We faced each other in silence for some moments, then when I didn’t say anything she looked down at the dog.
‘It’s Dan in trouble this time,’ she said. ‘He’s our sheepdog but we’re so fond of him that he’s more like one of the family.’
The dog wagged his tail furiously at the sound of his name but yelped as he came towards me. I bent down and patted his head. ‘I see he’s holding up a hind leg.’
‘Yes, he jumped over a wall this morning and he’s been like that ever since. I think it’s something quite bad – he can’t put any weight on the leg.’
‘Right, bring him through to the other room and I’ll have a look at him. But take him on in front of me, will you, and I’ll be able to watch how he walks.’
I held the door open and she went through ahead of me with the dog.
Watching how Helen walked distracted me over the first few yards, but it was a long passage and by the time we had reached the second bend I had managed to drag my attention back to my patient.

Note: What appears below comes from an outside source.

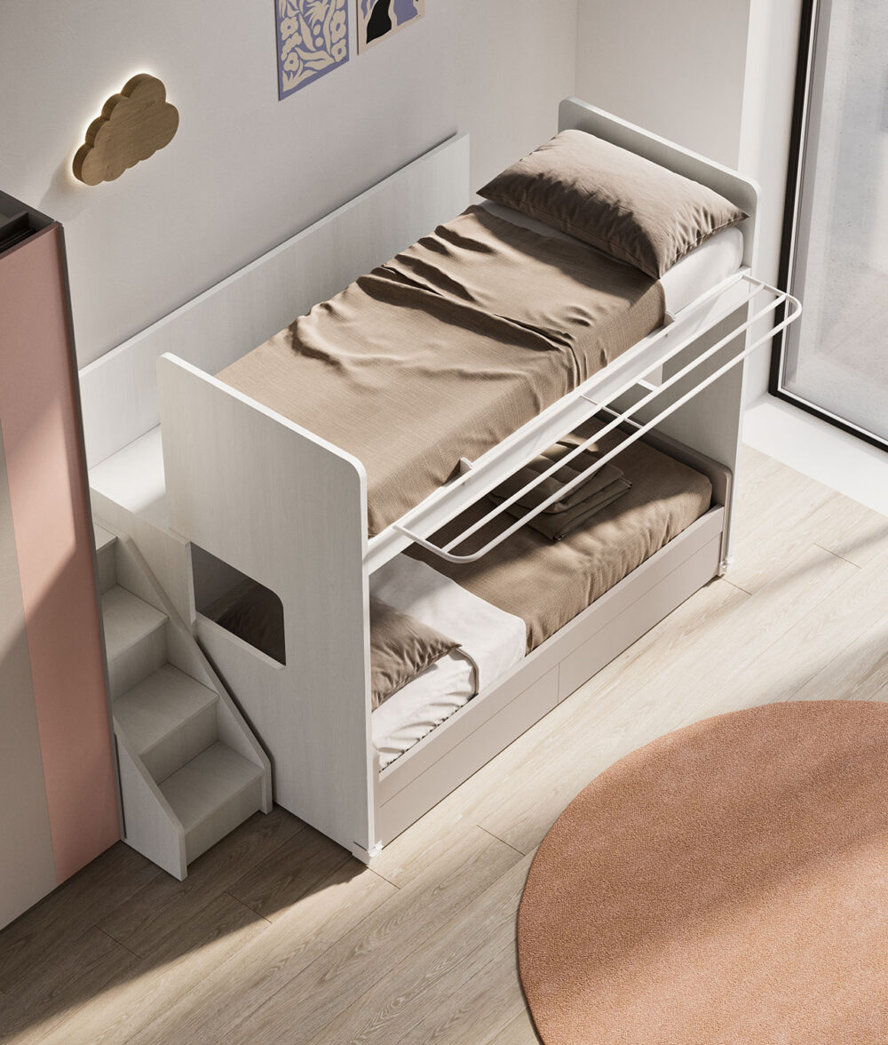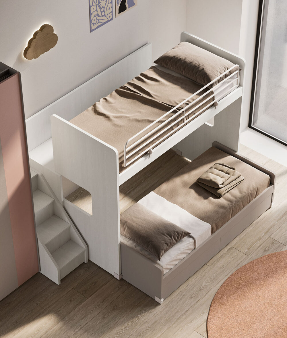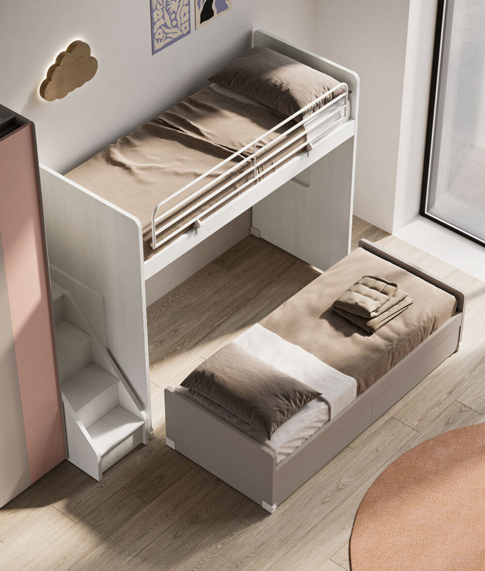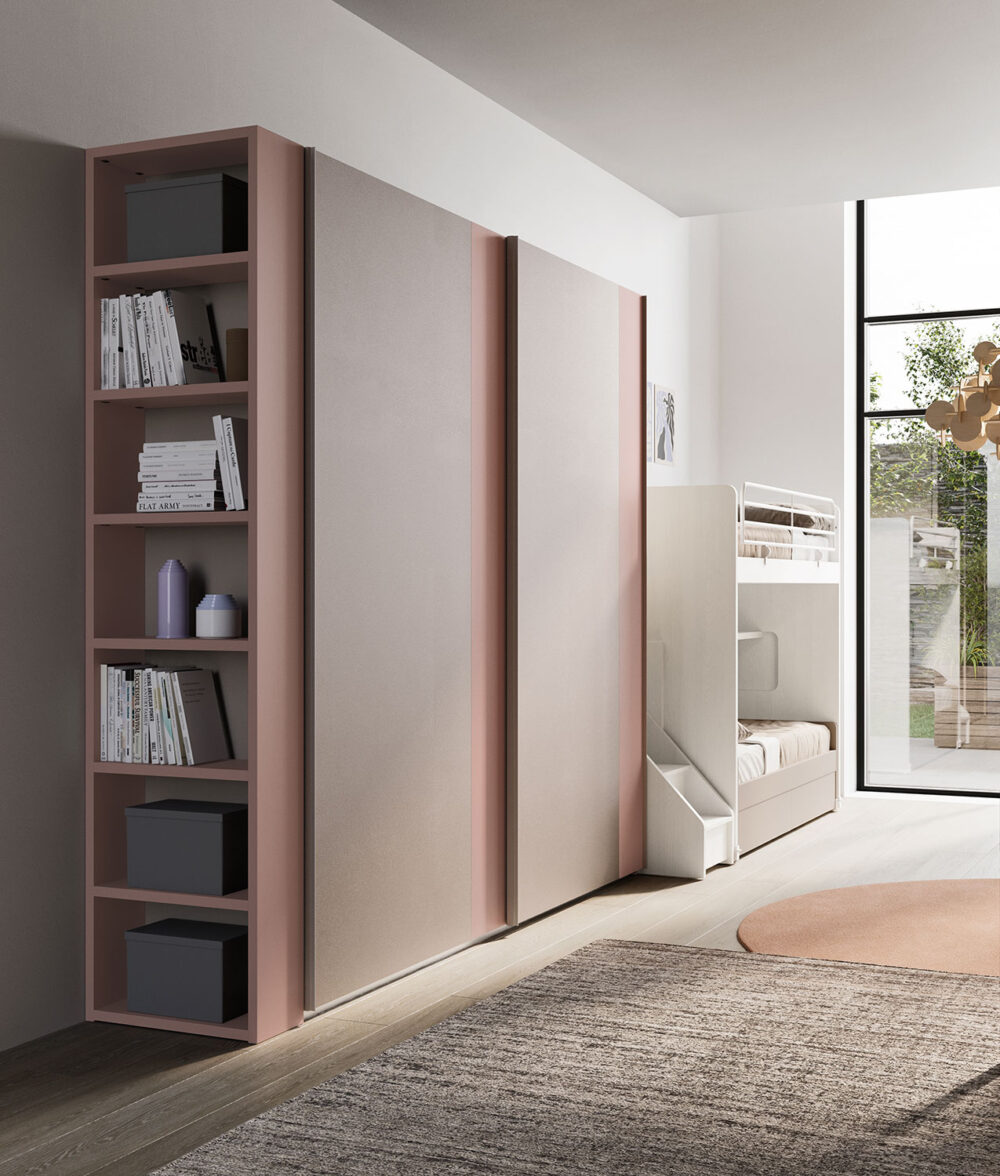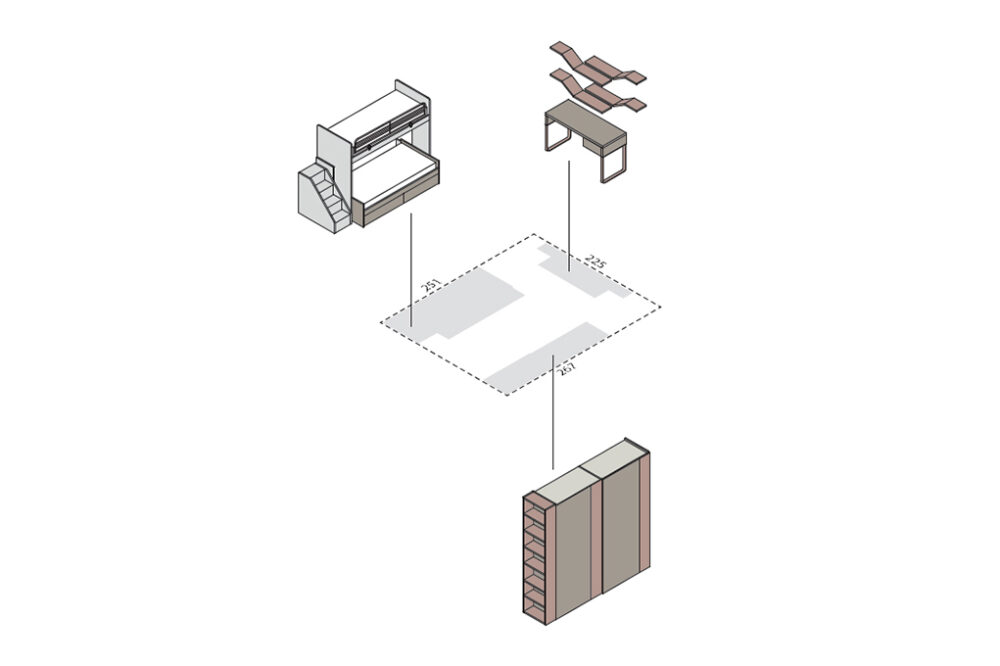 In questa cameretta doppia, lo spazio è suddiviso in tre aree funzionali ben distinte: zona notte vera e propria, guardaroba e angolo studio. Protagonista dell’ambiente è Slide, un letto a castello estraibile spostabile avanti e indietro a seconda delle necessità o dei momenti della giornata. Il movimento scorrevole della struttura a soppalco rende fruibile la salita tramite una scala a cassetti, accessorio indispensabile per aumentare il livello di capienza in ambienti di piccole dimensioni. L’accesso al lettino superiore è reso sicuro da una pedana-passerella posteriore, posizionata tra la parete e il letto e collegata a terra da quattro gradini-contenitore. Ulteriore protezione è offerta da Gate, una protezione metallica anticaduta reclinabile per agevolare il rifacimento del letto o la rimozione delle lenzuola. Il vano sotto il soppalco è occupato da Lobby, letto estraibile dotato di cassetti scorrevoli e di giroletto su ruote. La presenza delle rotelle, non scontata per un castello, rende lo spostamento agile, facilita le operazioni di pulizia e consente di modificare l’assetto degli arredi nella stanza in base alle esigenze.

And glory be, it was a dislocated hip. It had to be with that shortening of the limb and the way he carried it underneath his body with the paw just brushing the ground.
My feelings were mixed. This was a major injury, but on the other hand the chances were I could put it right quickly and look good in the process. Because I had found, in my brief experience, that one of the most spectacular procedures in practice was the reduction of a dislocated hip. Maybe I had been lucky, but with the few I had seen I had been able to convert an alarmingly lame animal into a completely sound one as though by magic.